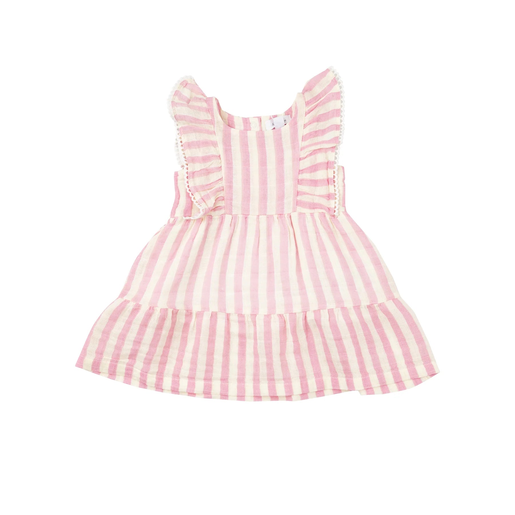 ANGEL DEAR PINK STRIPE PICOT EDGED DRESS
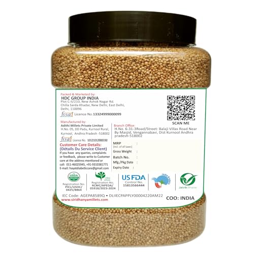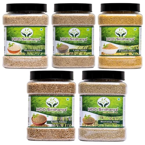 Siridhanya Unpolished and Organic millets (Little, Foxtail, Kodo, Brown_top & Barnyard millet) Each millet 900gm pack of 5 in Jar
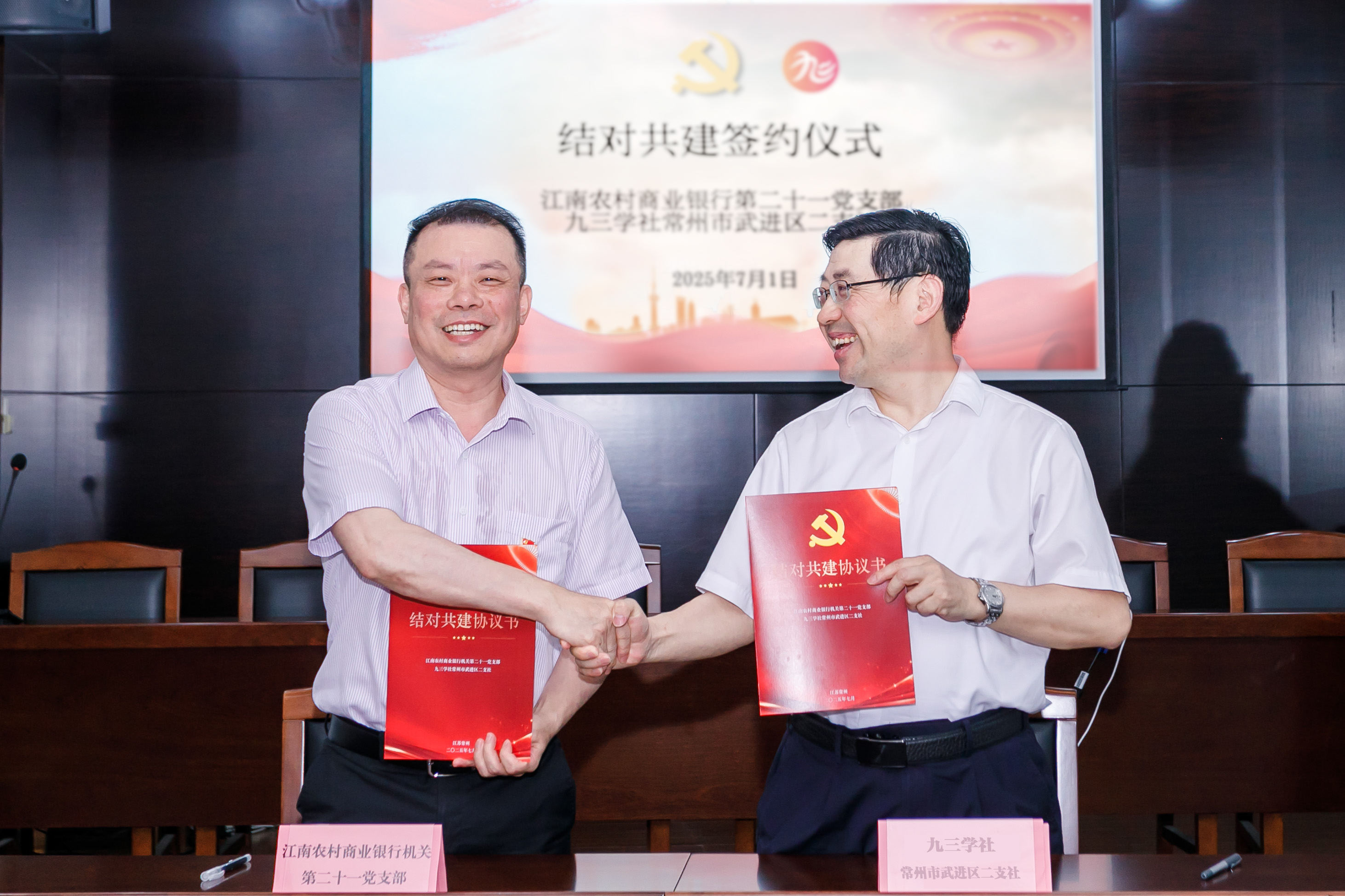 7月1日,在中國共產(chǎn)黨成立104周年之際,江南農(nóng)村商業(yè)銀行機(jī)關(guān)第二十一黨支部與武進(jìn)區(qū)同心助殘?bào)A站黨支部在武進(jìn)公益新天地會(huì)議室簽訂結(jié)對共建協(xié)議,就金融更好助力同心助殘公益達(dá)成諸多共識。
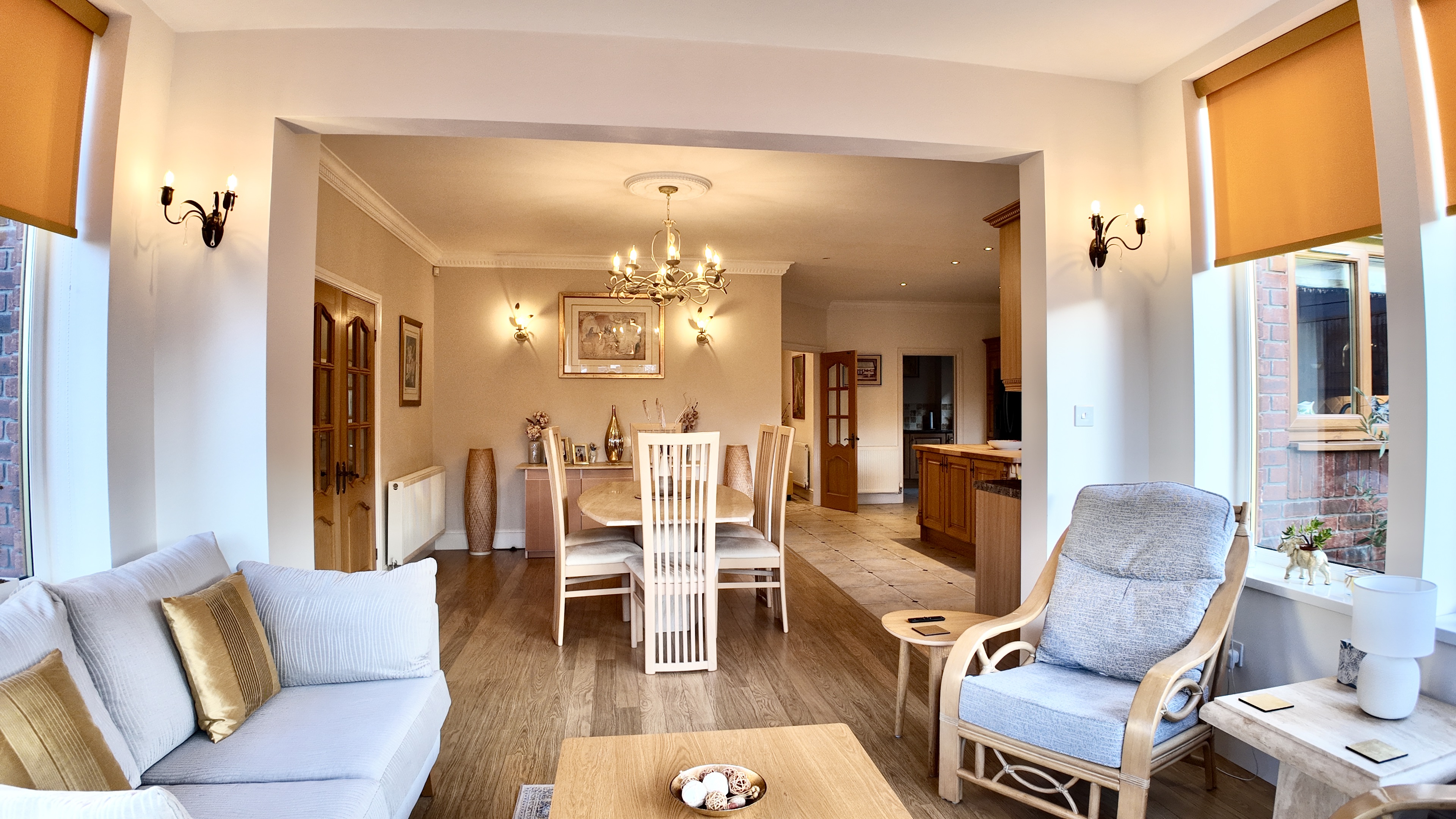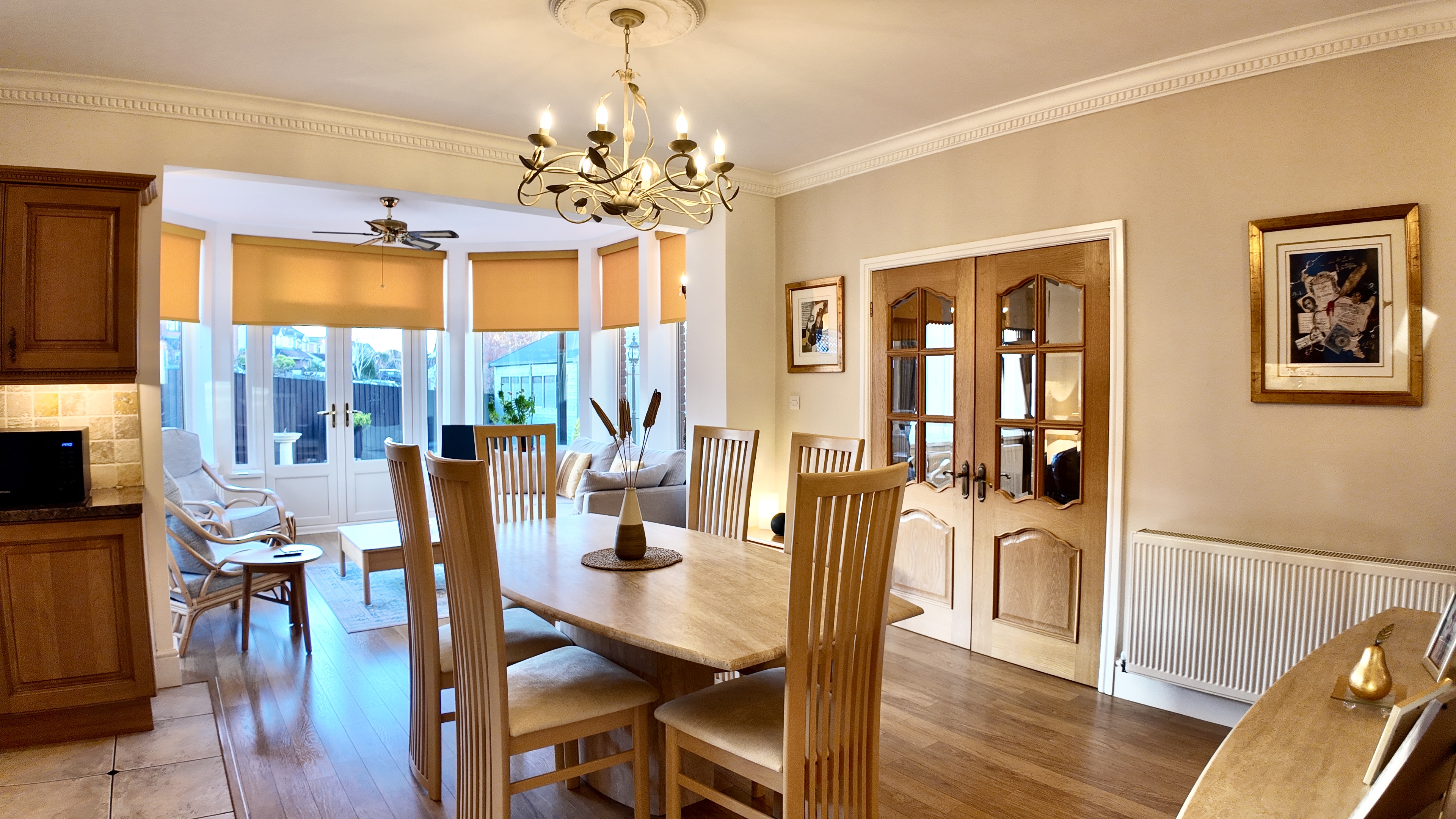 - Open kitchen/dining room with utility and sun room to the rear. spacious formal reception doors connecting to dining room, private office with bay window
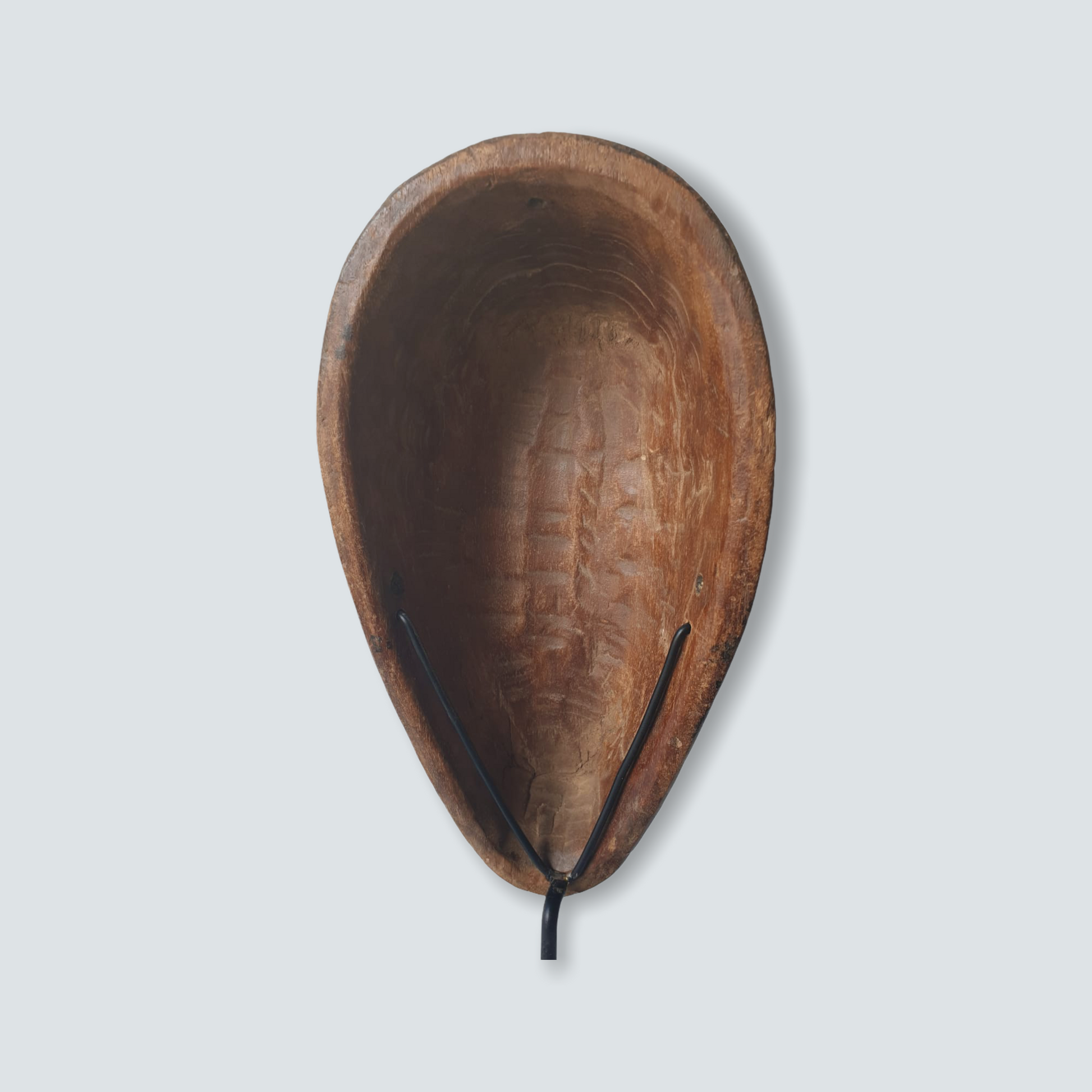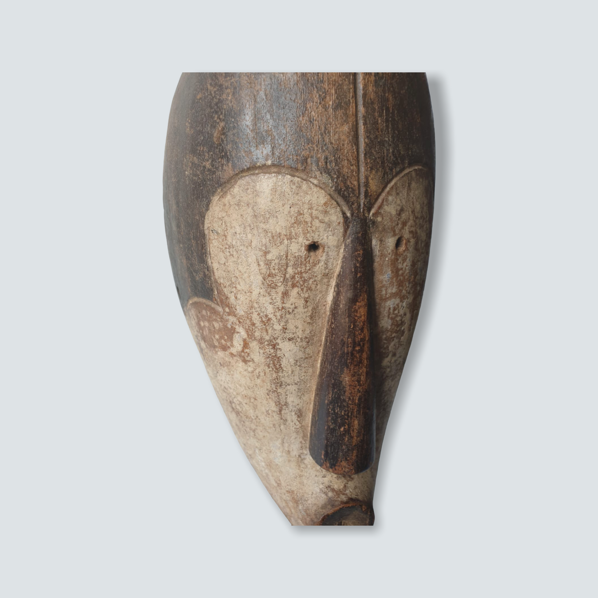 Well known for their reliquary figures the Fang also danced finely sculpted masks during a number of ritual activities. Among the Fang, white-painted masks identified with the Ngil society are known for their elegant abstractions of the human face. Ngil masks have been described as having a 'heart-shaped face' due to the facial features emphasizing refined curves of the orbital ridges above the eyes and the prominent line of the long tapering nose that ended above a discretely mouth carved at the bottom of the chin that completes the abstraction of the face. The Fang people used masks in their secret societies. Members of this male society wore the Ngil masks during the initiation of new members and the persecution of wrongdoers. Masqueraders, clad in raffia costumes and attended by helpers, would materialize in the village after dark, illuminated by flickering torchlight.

- What to do: Could the data above be reproduced exactly, with the pictures left out?

- Response area:
 ANGEL DEAR PINK STRIPE PICOT EDGED DRESS
 Siridhanya Unpolished and Organic millets (Little, Foxtail, Kodo, Brown_top & Barnyard millet) Each millet 900gm pack of 5 in Jar
 7月1日,在中國共產(chǎn)黨成立104周年之際,江南農(nóng)村商業(yè)銀行機(jī)關(guān)第二十一黨支部與武進(jìn)區(qū)同心助殘?bào)A站黨支部在武進(jìn)公益新天地會(huì)議室簽訂結(jié)對共建協(xié)議,就金融更好助力同心助殘公益達(dá)成諸多共識。
 - Open kitchen/dining room with utility and sun room to the rear. spacious formal reception doors connecting to dining room, private office with bay window
 Well known for their reliquary figures the Fang also danced finely sculpted masks during a number of ritual activities. Among the Fang, white-painted masks identified with the Ngil society are known for their elegant abstractions of the human face. Ngil masks have been described as having a 'heart-shaped face' due to the facial features emphasizing refined curves of the orbital ridges above the eyes and the prominent line of the long tapering nose that ended above a discretely mouth carved at the bottom of the chin that completes the abstraction of the face. The Fang people used masks in their secret societies. Members of this male society wore the Ngil masks during the initiation of new members and the persecution of wrongdoers. Masqueraders, clad in raffia costumes and attended by helpers, would materialize in the village after dark, illuminated by flickering torchlight.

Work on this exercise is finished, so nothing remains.